→ **Provided data**:
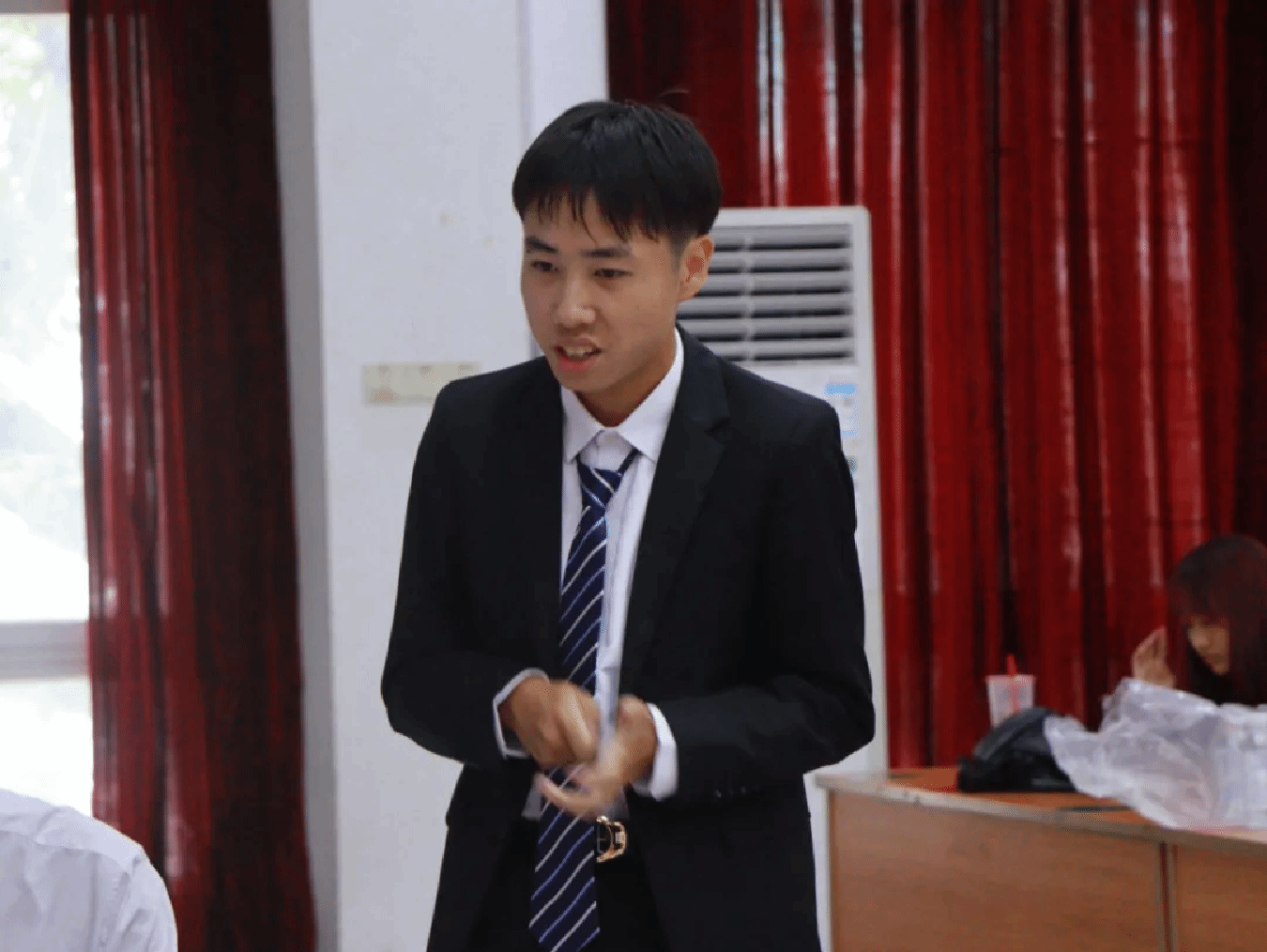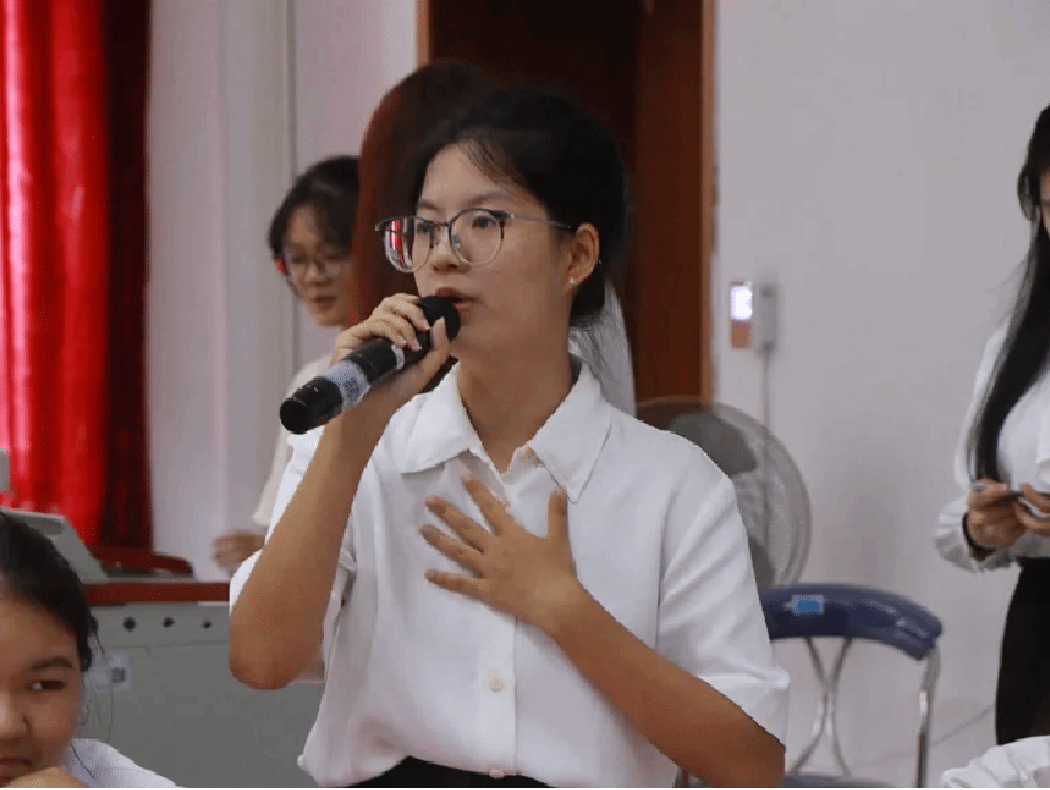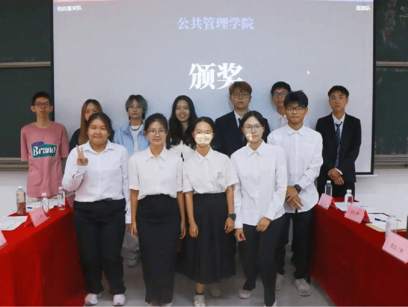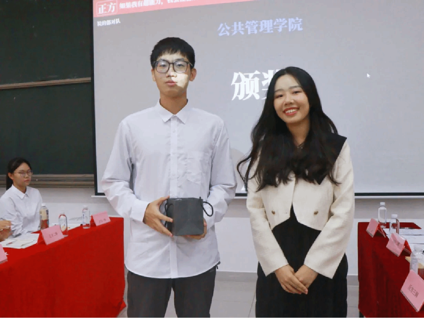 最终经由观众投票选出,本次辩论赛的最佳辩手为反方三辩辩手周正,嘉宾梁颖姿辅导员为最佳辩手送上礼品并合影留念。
--
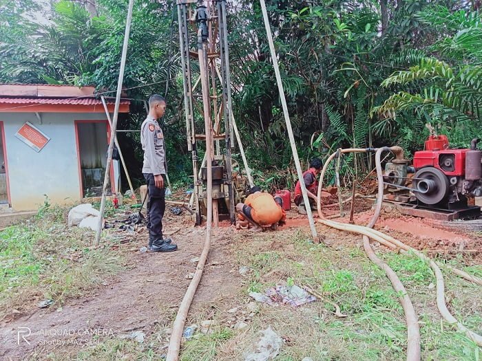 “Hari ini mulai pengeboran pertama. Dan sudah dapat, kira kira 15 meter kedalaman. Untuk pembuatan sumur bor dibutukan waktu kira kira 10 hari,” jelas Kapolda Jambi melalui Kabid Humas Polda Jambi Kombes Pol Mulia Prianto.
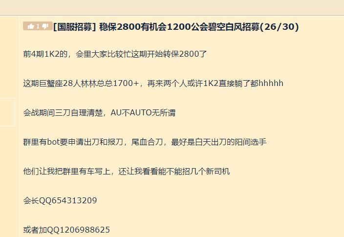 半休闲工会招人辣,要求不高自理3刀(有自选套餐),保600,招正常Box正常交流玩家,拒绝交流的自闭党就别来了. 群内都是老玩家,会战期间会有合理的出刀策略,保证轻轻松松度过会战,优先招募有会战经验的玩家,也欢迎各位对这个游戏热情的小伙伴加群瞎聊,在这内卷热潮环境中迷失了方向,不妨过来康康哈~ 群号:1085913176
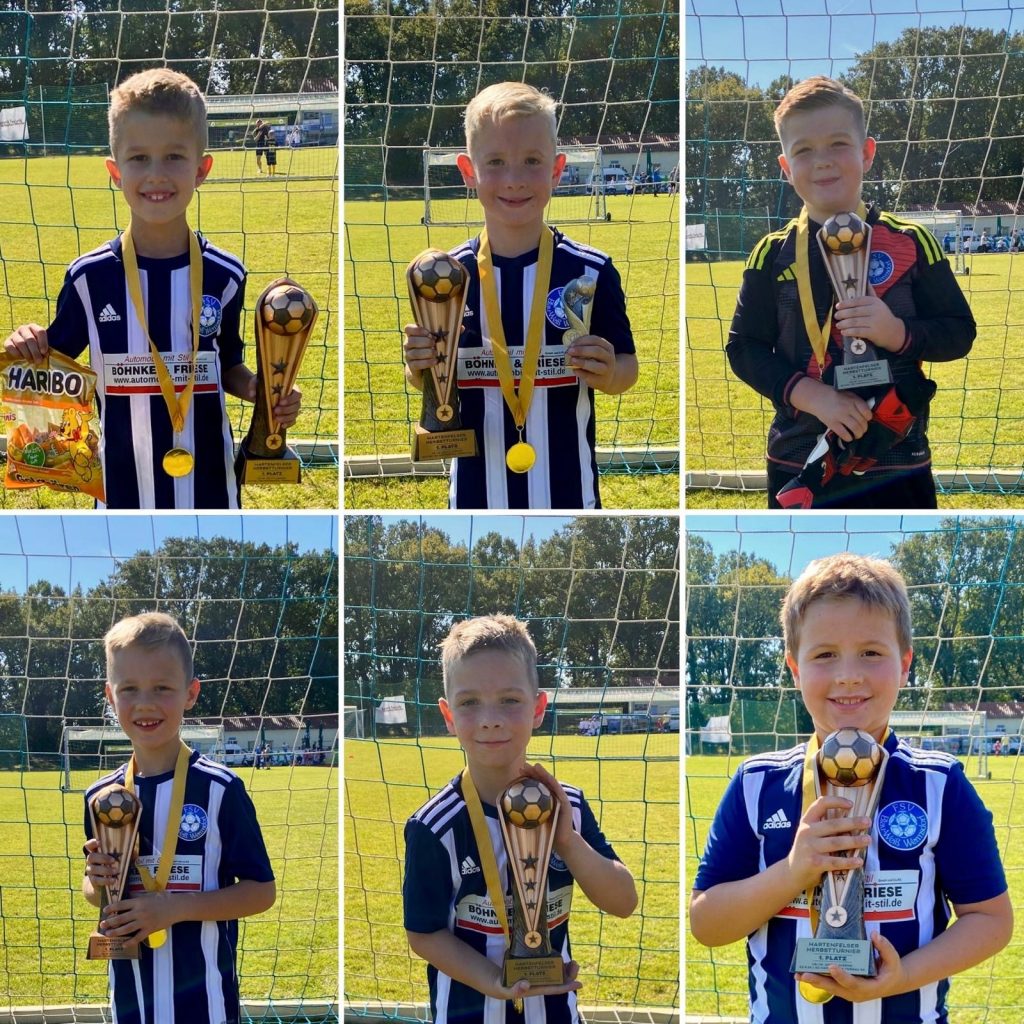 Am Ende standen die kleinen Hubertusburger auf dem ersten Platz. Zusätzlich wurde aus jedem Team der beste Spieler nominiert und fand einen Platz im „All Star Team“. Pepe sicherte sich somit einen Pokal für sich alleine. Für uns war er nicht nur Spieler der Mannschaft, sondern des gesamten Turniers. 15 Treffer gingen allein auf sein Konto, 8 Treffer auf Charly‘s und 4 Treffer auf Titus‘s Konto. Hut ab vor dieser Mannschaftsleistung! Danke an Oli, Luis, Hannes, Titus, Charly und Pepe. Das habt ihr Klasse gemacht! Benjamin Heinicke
...
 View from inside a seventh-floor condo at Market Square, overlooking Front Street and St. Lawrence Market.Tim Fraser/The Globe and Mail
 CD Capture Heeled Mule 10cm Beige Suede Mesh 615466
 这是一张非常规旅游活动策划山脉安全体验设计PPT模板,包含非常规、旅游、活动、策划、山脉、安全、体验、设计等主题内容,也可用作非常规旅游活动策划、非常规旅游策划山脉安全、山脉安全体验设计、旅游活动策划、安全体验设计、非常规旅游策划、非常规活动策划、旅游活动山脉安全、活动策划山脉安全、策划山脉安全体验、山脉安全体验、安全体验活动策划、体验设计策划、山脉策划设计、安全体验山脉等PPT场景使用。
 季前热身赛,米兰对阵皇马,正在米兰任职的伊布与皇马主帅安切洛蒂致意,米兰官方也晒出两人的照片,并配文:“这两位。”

→ **What the exercise asks**: Retype only the stretch of lines above starting at the one with "这是一张非常规旅游活动策划山" and stopping at the one with "季前热身赛,米兰对阵皇马,正", exactly as written, with both kept.

→ **Response to this exercise**:
 这是一张非常规旅游活动策划山脉安全体验设计PPT模板,包含非常规、旅游、活动、策划、山脉、安全、体验、设计等主题内容,也可用作非常规旅游活动策划、非常规旅游策划山脉安全、山脉安全体验设计、旅游活动策划、安全体验设计、非常规旅游策划、非常规活动策划、旅游活动山脉安全、活动策划山脉安全、策划山脉安全体验、山脉安全体验、安全体验活动策划、体验设计策划、山脉策划设计、安全体验山脉等PPT场景使用。
 季前热身赛,米兰对阵皇马,正在米兰任职的伊布与皇马主帅安切洛蒂致意,米兰官方也晒出两人的照片,并配文:“这两位。”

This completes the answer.